_SUPPLIED MATERIAL:_

======

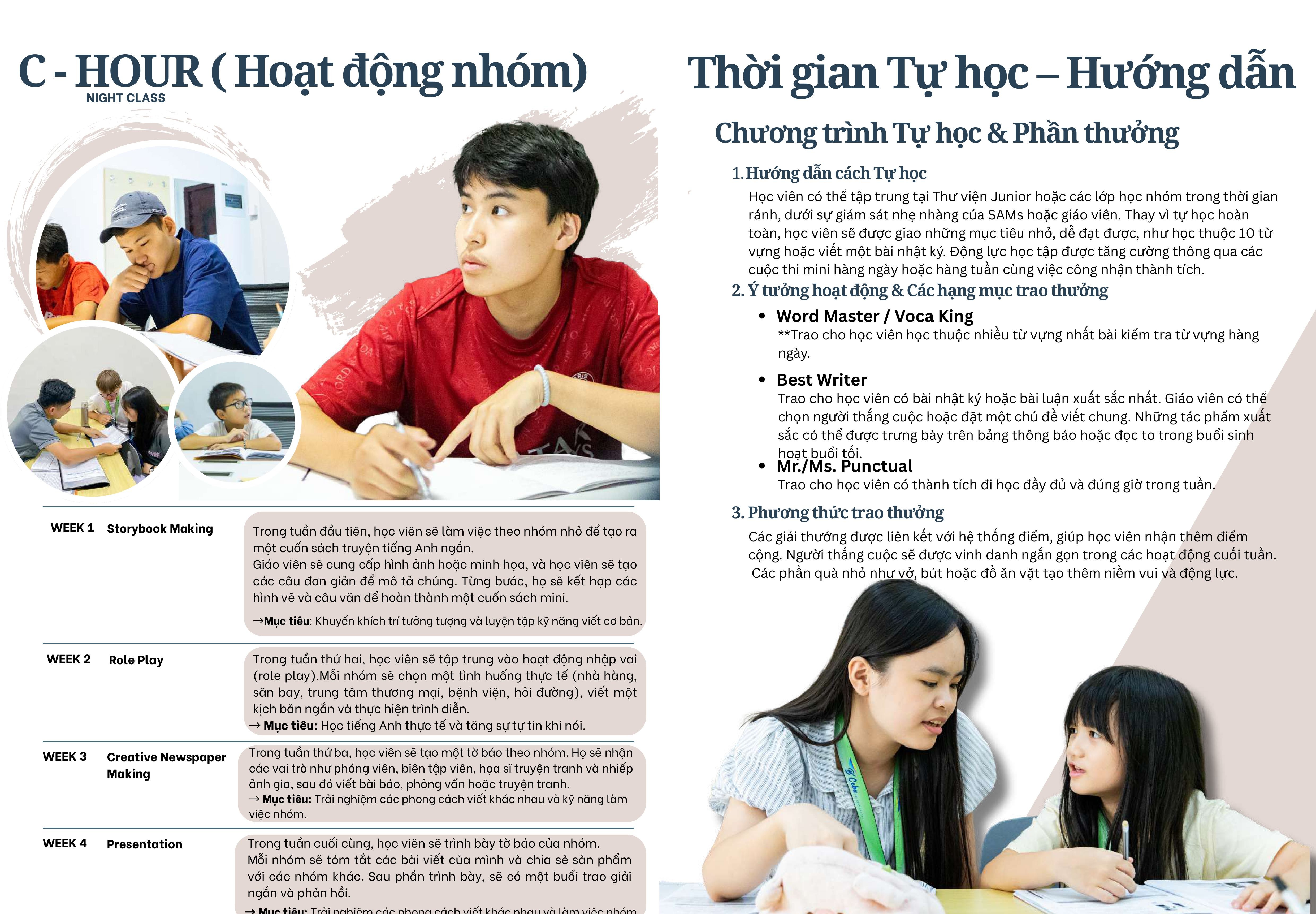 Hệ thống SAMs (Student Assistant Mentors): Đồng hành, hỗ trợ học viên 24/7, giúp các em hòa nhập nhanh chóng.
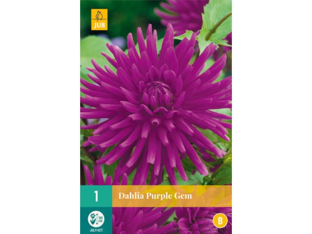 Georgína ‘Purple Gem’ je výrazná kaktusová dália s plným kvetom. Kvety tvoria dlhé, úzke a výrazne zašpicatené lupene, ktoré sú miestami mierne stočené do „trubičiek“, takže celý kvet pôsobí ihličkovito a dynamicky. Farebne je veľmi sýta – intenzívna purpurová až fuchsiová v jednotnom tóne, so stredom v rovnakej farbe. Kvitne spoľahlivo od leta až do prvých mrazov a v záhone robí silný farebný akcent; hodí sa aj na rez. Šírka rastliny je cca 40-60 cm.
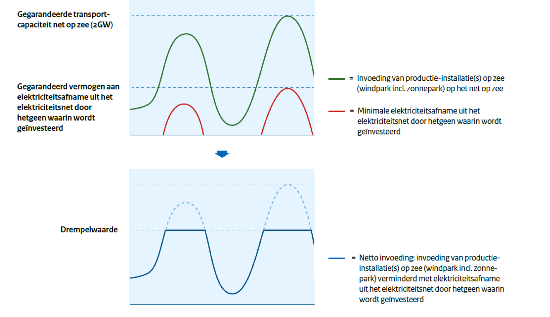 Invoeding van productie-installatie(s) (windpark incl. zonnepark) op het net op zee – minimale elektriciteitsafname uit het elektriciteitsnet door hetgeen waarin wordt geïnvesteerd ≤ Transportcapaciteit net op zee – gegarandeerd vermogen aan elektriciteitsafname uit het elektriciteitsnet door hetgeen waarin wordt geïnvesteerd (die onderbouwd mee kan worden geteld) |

======

_PROBLEM DETAILS:_ Write the material above out again exactly. Omit every image.

_OUTPUT FOR THIS TASK:_
 Hệ thống SAMs (Student Assistant Mentors): Đồng hành, hỗ trợ học viên 24/7, giúp các em hòa nhập nhanh chóng.
 Georgína ‘Purple Gem’ je výrazná kaktusová dália s plným kvetom. Kvety tvoria dlhé, úzke a výrazne zašpicatené lupene, ktoré sú miestami mierne stočené do „trubičiek“, takže celý kvet pôsobí ihličkovito a dynamicky. Farebne je veľmi sýta – intenzívna purpurová až fuchsiová v jednotnom tóne, so stredom v rovnakej farbe. Kvitne spoľahlivo od leta až do prvých mrazov a v záhone robí silný farebný akcent; hodí sa aj na rez. Šírka rastliny je cca 40-60 cm.
 Invoeding van productie-installatie(s) (windpark incl. zonnepark) op het net op zee – minimale elektriciteitsafname uit het elektriciteitsnet door hetgeen waarin wordt geïnvesteerd ≤ Transportcapaciteit net op zee – gegarandeerd vermogen aan elektriciteitsafname uit het elektriciteitsnet door hetgeen waarin wordt geïnvesteerd (die onderbouwd mee kan worden geteld) |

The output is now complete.